Print out every line of the material exactly. Include no pictures.

═══ Material shown

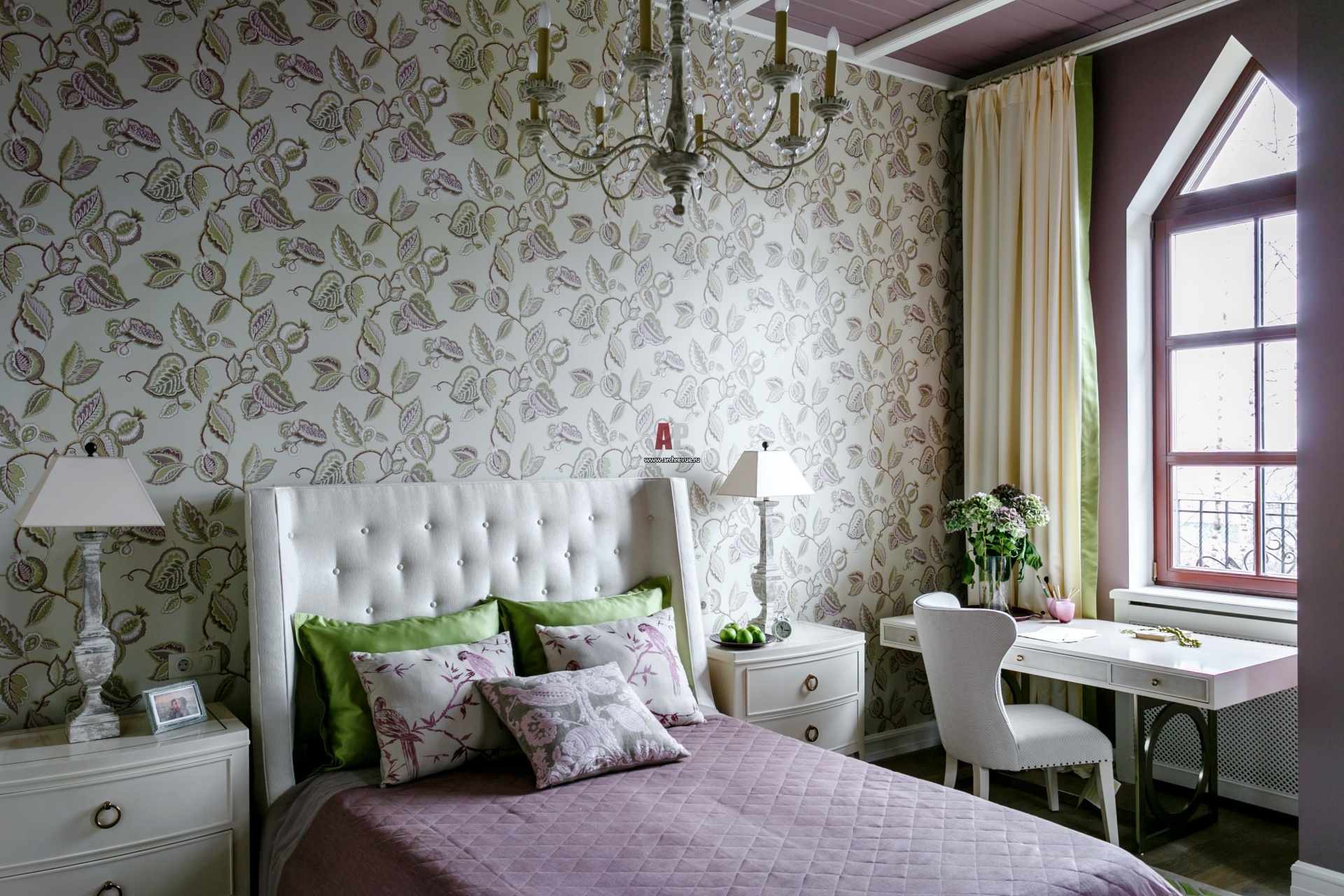 Детская спальня в мансарде с сиреневым деревянным потолком и цветочным декором. Обои, York Wallcoverings, коллекция Waverly Classics. Прикроватные тумбочки, кровать, стул и письменный стол, Bernhardt. Свет, Visual Comfort & Co.
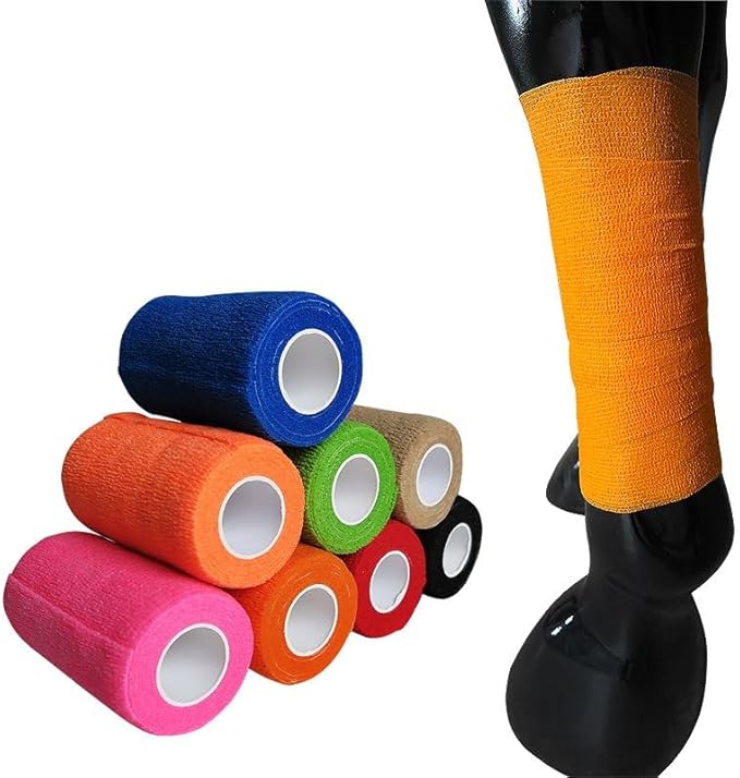 2. Zuverlässige Selbsthaftung: Dieser kohäsive Verband ist für eine mühelose Anwendung konzipiert und haftet fest an sich selbst, ohne dass Clips oder Stifte erforderlich sind. Die selbstklebende Funktion sorgt für einen festen Sitz, der auch bei anstrengenden Aktivitäten an Ort und Stelle bleibt. Aufgrund seiner kohäsiven Beschaffenheit klebt es nicht am Fell des Pferdes, wodurch Beschwerden und das Risiko von Hautreizungen vermieden werden.
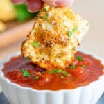 - Garnish with fresh parsley and more grated parmesan, if desired. Serve with my homemade marinara sauce (or your favorite store-bought brand) for dipping.NOTE: Directions for baking these in the oven are included in the article below.
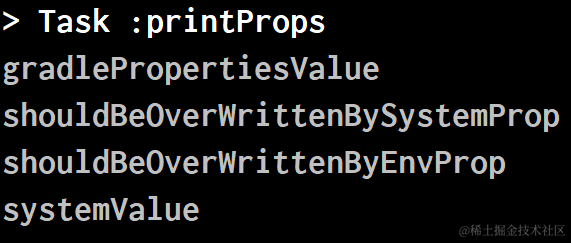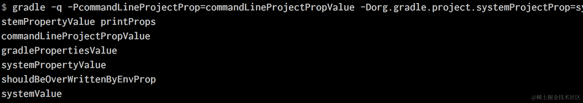 gradle -q -PcommandLineProjectProp=commandLineProjectPropValue -Dorg.gradle.project.systemProjectProp=systemPropertyValue printProps
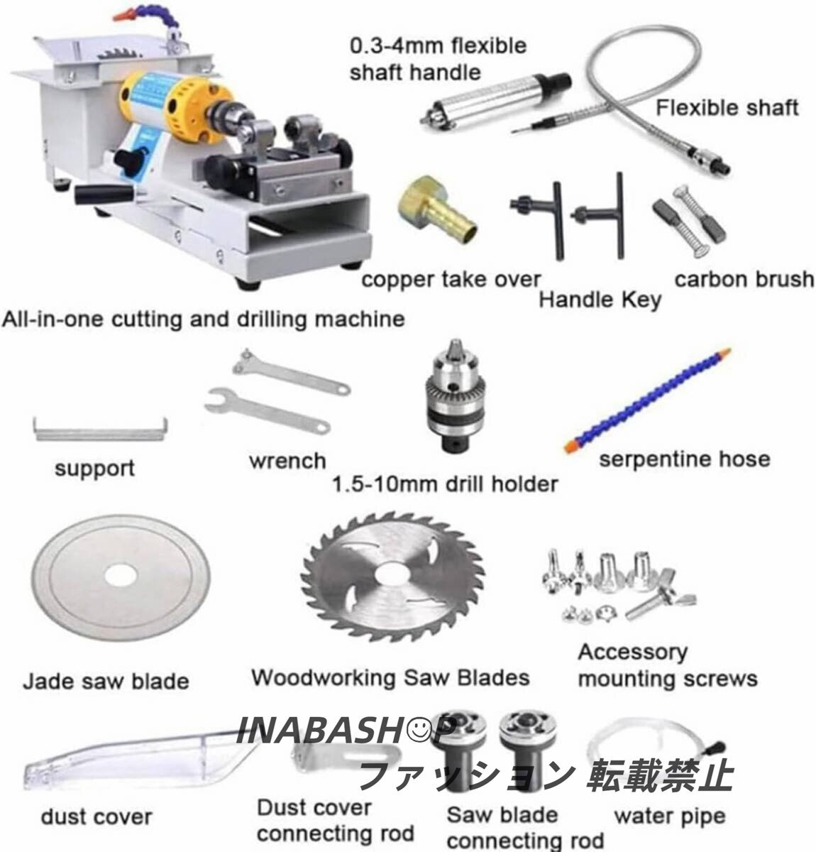 【パッケージリスト】1*切断およびボール盤、1*0.3-4mmフレキシブルシャフトハンドル、1*フレキシブルシャフト、1*銅ノズル、2*チャック/ハンドルキー、2*カーボンブラシ、1*ブラケット、2*レンチ、 1*1.5-10mm ドリルビットクランプ、1* スネークウォーターパイプ、1* 翡翠鋸刃、1* 木工鋸刃、8* 付属品取り付けネジ、1* ダストカバー、1* ダストカバーコネクティングロッド、2* 鋸刃ロッド、1 * 水道管。
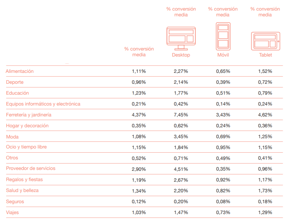 Uno de los mayores retos a la hora de analizar la tasa de conversión es encontrar un dato de referencia sobre los que comparar el rendimiento de nuestro negocio. Este valor de referencia va a depender de muchos factores, como el sector al que pertenezcamos o del producto que vendamos, pero de promedio podemos decir que la tasa de conversión media de un ecommerce en España está entre el 1% y el 3%.
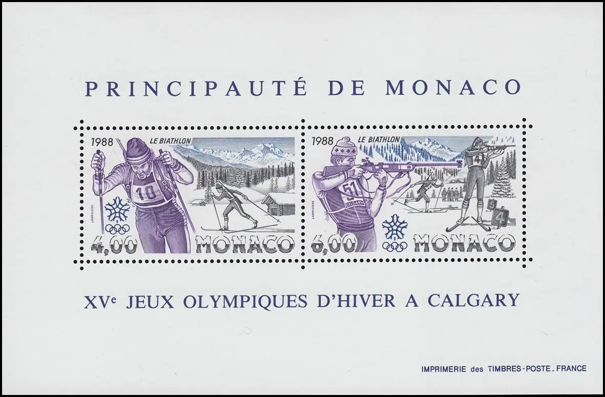 Monaco Block 38 Jeux olympiques d'hiver Calgary 1988 ** / MNH

══════

| Task answer |
 Детская спальня в мансарде с сиреневым деревянным потолком и цветочным декором. Обои, York Wallcoverings, коллекция Waverly Classics. Прикроватные тумбочки, кровать, стул и письменный стол, Bernhardt. Свет, Visual Comfort & Co.
 2. Zuverlässige Selbsthaftung: Dieser kohäsive Verband ist für eine mühelose Anwendung konzipiert und haftet fest an sich selbst, ohne dass Clips oder Stifte erforderlich sind. Die selbstklebende Funktion sorgt für einen festen Sitz, der auch bei anstrengenden Aktivitäten an Ort und Stelle bleibt. Aufgrund seiner kohäsiven Beschaffenheit klebt es nicht am Fell des Pferdes, wodurch Beschwerden und das Risiko von Hautreizungen vermieden werden.
 - Garnish with fresh parsley and more grated parmesan, if desired. Serve with my homemade marinara sauce (or your favorite store-bought brand) for dipping.NOTE: Directions for baking these in the oven are included in the article below.
 gradle -q -PcommandLineProjectProp=commandLineProjectPropValue -Dorg.gradle.project.systemProjectProp=systemPropertyValue printProps
 【パッケージリスト】1*切断およびボール盤、1*0.3-4mmフレキシブルシャフトハンドル、1*フレキシブルシャフト、1*銅ノズル、2*チャック/ハンドルキー、2*カーボンブラシ、1*ブラケット、2*レンチ、 1*1.5-10mm ドリルビットクランプ、1* スネークウォーターパイプ、1* 翡翠鋸刃、1* 木工鋸刃、8* 付属品取り付けネジ、1* ダストカバー、1* ダストカバーコネクティングロッド、2* 鋸刃ロッド、1 * 水道管。
 Uno de los mayores retos a la hora de analizar la tasa de conversión es encontrar un dato de referencia sobre los que comparar el rendimiento de nuestro negocio. Este valor de referencia va a depender de muchos factores, como el sector al que pertenezcamos o del producto que vendamos, pero de promedio podemos decir que la tasa de conversión media de un ecommerce en España está entre el 1% y el 3%.
 Monaco Block 38 Jeux olympiques d'hiver Calgary 1988 ** / MNH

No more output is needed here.